Unless it’s for a referendum
London4Europe Committee member and former senior civil servant Michael Romberg writes.
It could all have been so different.
What the Leave campaign should have done
For a start, the Leave campaign should have worked up a plan. They didn’t for two reasons. First, for decades they had fulminated about how awful the EU was but they had not bothered to work up a plan. That would have required them to face up to the advantages as well as the disadvantages of EU membership; to explain how they would replicate the benefits of EU membership from outside.
Second, when the referendum campaign arrived they – or rather their Svengali, Dominic Cummins – realised two points:
- They would not be able to agree a plan, since the different supporters of Leave had conflicting objectives: global Britain or protectionism? stop immigration or open to the world?
- Without a plan every voter could project onto the Leave campaign the Brexit that they wanted. That would maximise the vote.
Hence the mandate of the 2016 referendum is binding but provisional: as always when an idea is accepted the next step is to write a plan. Then that plan has to be compared with the no-change option. That’s why there should be a referendum with the option to Remain.
What happened after the referendum
Everyone decided that the result definitely meant a vote for whatever type of Brexit they wanted. Given the resumption of Parliamentary focus that meant that three groups got to define Brexit:
- Theresa May decided that her long-term aim of ending freedom of movement was the point. Other decisions flowed from that as well as the need to shore up her position against the ERG.
- The Conservative MPs who wanted Brexit were fairly homogeneous in what they wanted: Global Britain, sovereignty, low regulation, low tax.

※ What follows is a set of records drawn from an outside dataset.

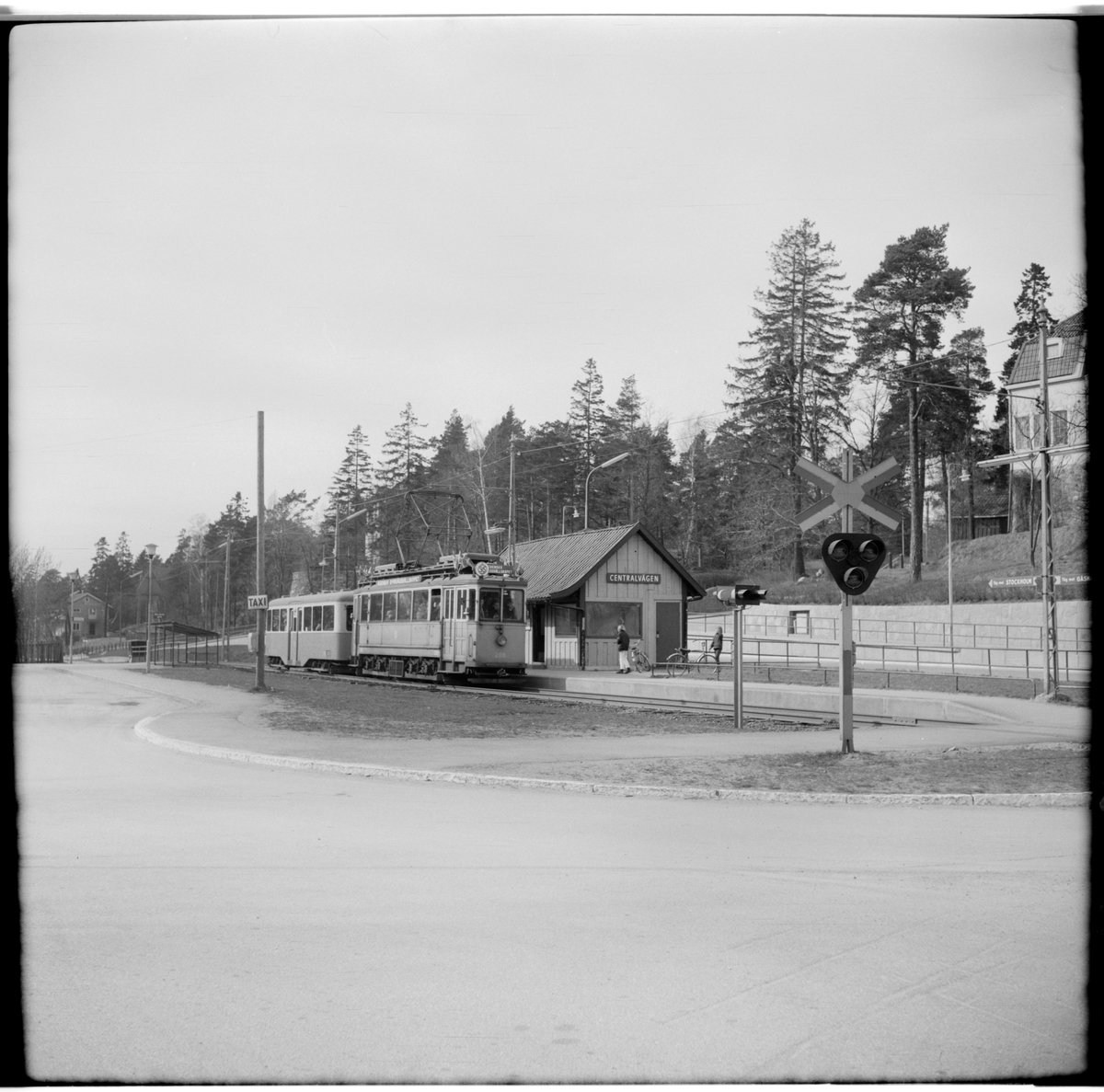 Aktiebolaget Stockholms Spårvägar, SS A11 med släpvagn på hållplats Centralvägen.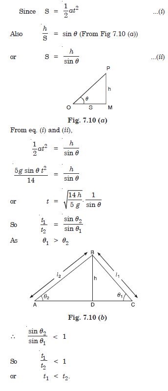 The time taken by the solid sphere will be longer when it roll down a plane with lesser inclination, because, the acceleration a is given by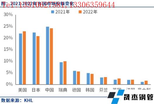 分國(guó)別來(lái)看,2022年全球各國(guó)市場(chǎng)份額排名前三的國(guó)家分別是中國(guó)、美國(guó)、日本,2022年這三個(gè)國(guó)家市場(chǎng)份額分別為24.2%、22.9%、20.8%,三個(gè)國(guó)家在全球市場(chǎng)份額已經(jīng)達(dá)到了67.9%。其中,中國(guó)和日本2022年市場(chǎng)份額分別下降0.7個(gè)百分點(diǎn)、1.6個(gè)百分點(diǎn),美國(guó)2022年市場(chǎng)份額提高1個(gè)百分點(diǎn)。
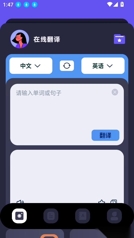 进入软件的翻译界面后,在底部菜单栏找到第二个“圆圈图标”并点击进入即可。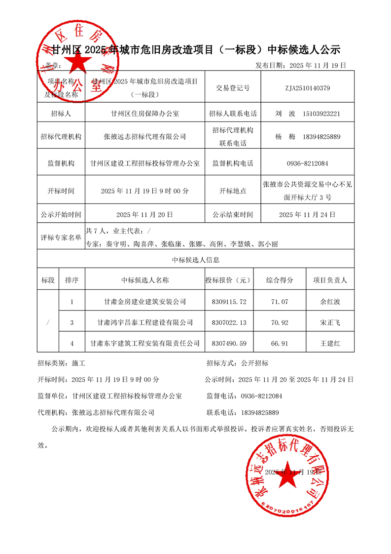 [市本级]甘州区2025年城市危旧房改造项目(一标段)中标候选人公示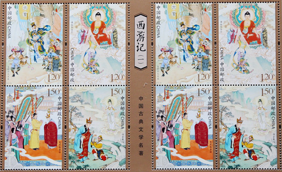 據(jù)了解,中國郵政推出的《中國古典文學(xué)名著——〈西游記〉(一)》特種郵票,是繼《三國演義》《水滸傳》《紅樓夢》郵票之后又一套以中國古典文學(xué)名著為題材的郵票,對(duì)弘揚(yáng)中華民族優(yōu)秀傳統(tǒng)文化具有重要意義。郵票一套四枚,另發(fā)行小型張一枚,面值分別為1.2元、1.2元、1.5元、1.5元和6元。此套郵票第一枚是《自封齊天大圣》,第二枚是《佛祖降悟空》,第三枚是《發(fā)愿取真經(jīng)》,第四枚是《悟空收心》。小型張是孫悟空變成三頭六臂,和天兵天將對(duì)打,名稱是《大鬧天宮》。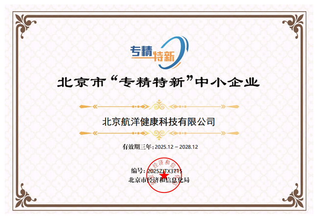 北京航洋健康科技有限公司成功通过北京市 “专精特新中小企业” 认定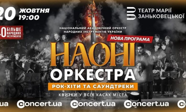 У понеділок, 20 жовтня, о 19:00 у Національному драматичному театрі ім. Марії Заньковецької відбудеться виступ Національного оркестру народних інструментів України (НАОНІ Оркестра) з програмою «Рок-хіти та саундтреки». Про це Львівському порталу повідомили організатори заходу.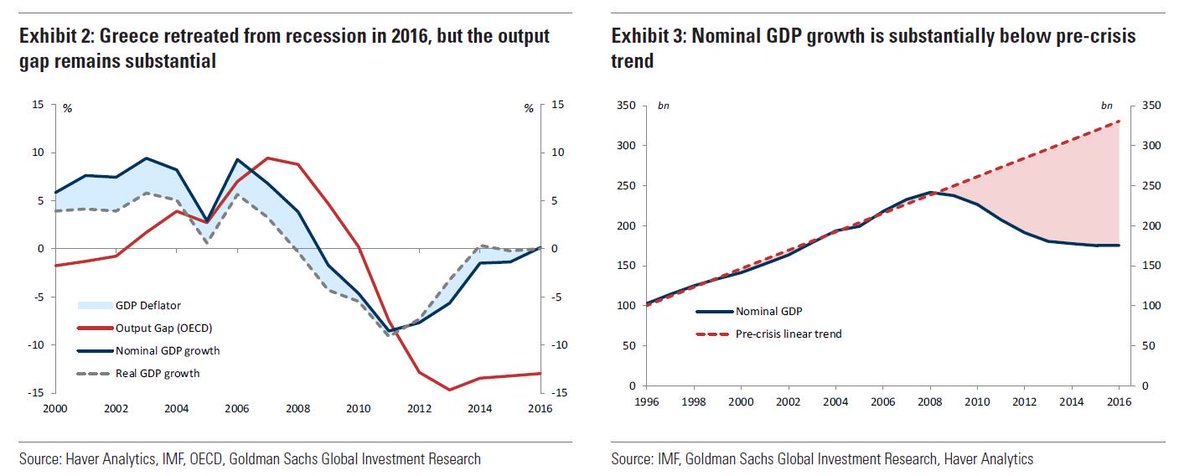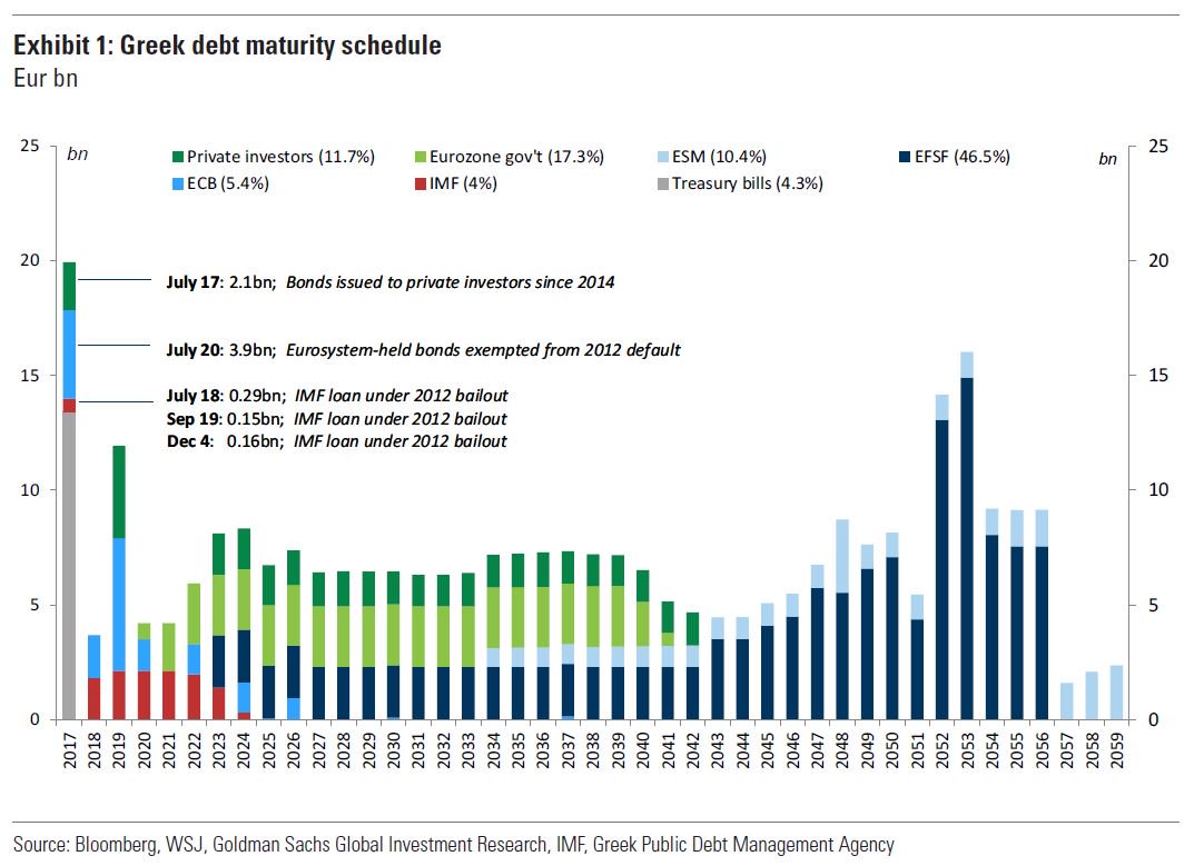 Η Goldman Sachs υπενθυμίζει ότι στα τέλη του 2016, ο Benoît Coeuré δήλωσε πως η οικονομική σταθερότητα στην Ελλάδα θα είναι μια διάσταση της ανάλυσης της ΕΚΤ εάν θα εξετάσει τη συμμετοχή της χώρας στο QE.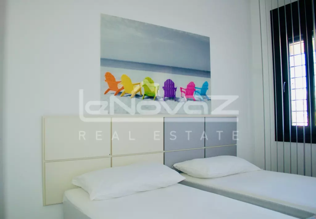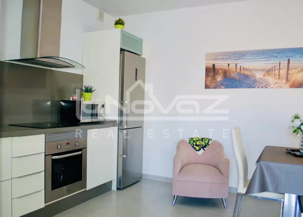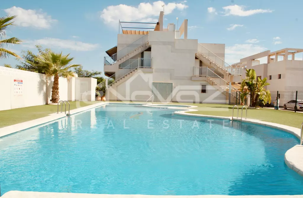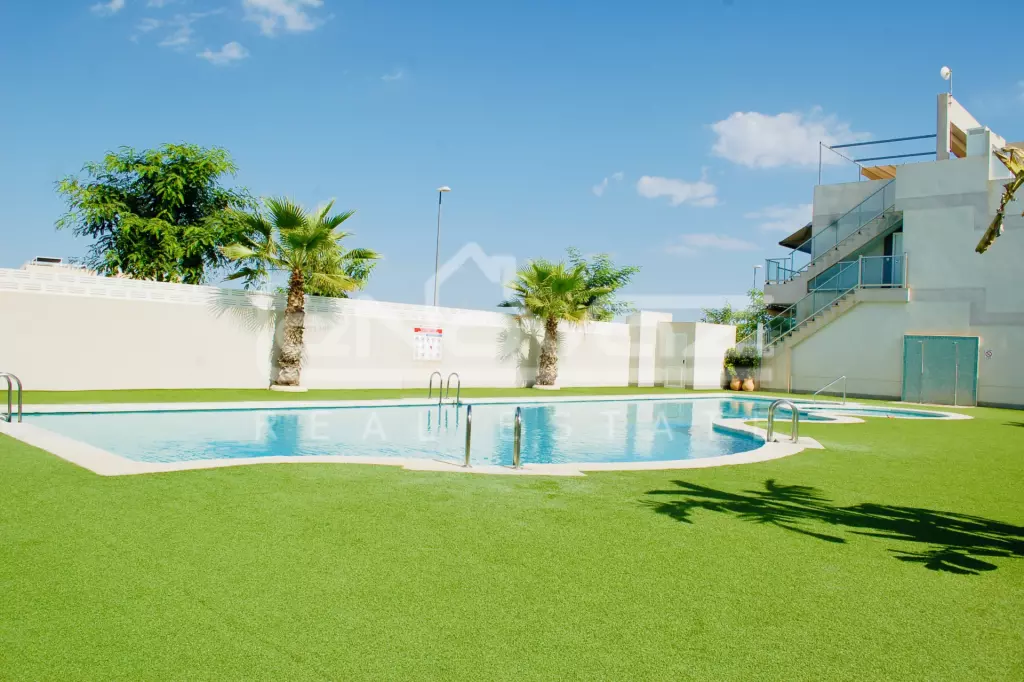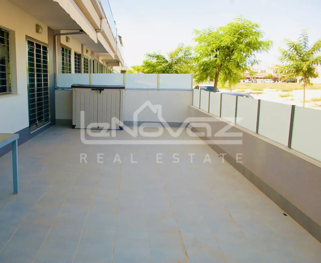 Piso de 2 dormitorios y gran terraza con una ubicación fenomenal a tan solo 50 m de la playa más bonita de Pilar de Horadada. El piso, construido en 2016, se encuentra en planta baja, está orientado al suroeste y dispone de un solárium muy amplio. 2 dormitorios modernos con armarios empotrados, 2 baños completos, amplio salón con comedor independiente, cocina americana abierta con todos los electrodomésticos necesarios. Urbanización muy bien cuidada con zonas verdes y piscina comunitaria. Pilar de Horadada es una ciudad turística moderna, donde es agradable pasar no solo las vacaciones de verano, sino también vivir todo el año, gracias a la infraestructura bien desarrollada, la proximidad al aeropuerto internacional, el clima ideal y las playas mediterráneas más grandes.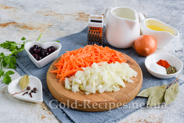 Цибулю очищаємо від лушпиння, нарізаємо дрібним кубиком. Моркву миємо, очищаємо від шкірки, подрібнюємо на тертці з великим полотном.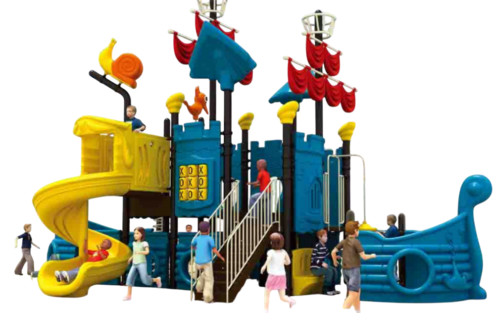 Пластиковые игровые модули: спиральная горка, сюжетные элементы «корабля» и «крепости», обзорные окна, тематические панели (крестики-нолики), мягко оформленные переходы — выполнены из нетоксичного инженерного пластика с UV-защитой, окрашены в массе, не выгорают и не трескаются; скруглённые края и гладкие поверхности минимизируют риск травм.

- Lexiter MPs wanted out of the rules of the single market, especially state aids. They wished to reduce the impact of international trade on employment and protect manufacturing jobs. That stance was reinforced by those who wished for largely electoral reasons to end freedom of movement.
Unlike the other groups the Government had to face up to reality. They did engage with the practicalities and with the economic and administrative advice. They had enough sense of responsibility not to wish to harm the economy more than was necessary. They also did not wish to risk a return to fighting in Northern Ireland
Hence the largely identical Brexits promoted by many in both of the two main parties: no freedom of movement; close to but not in the single market; customs union; substantial regulatory alignment with EU rules.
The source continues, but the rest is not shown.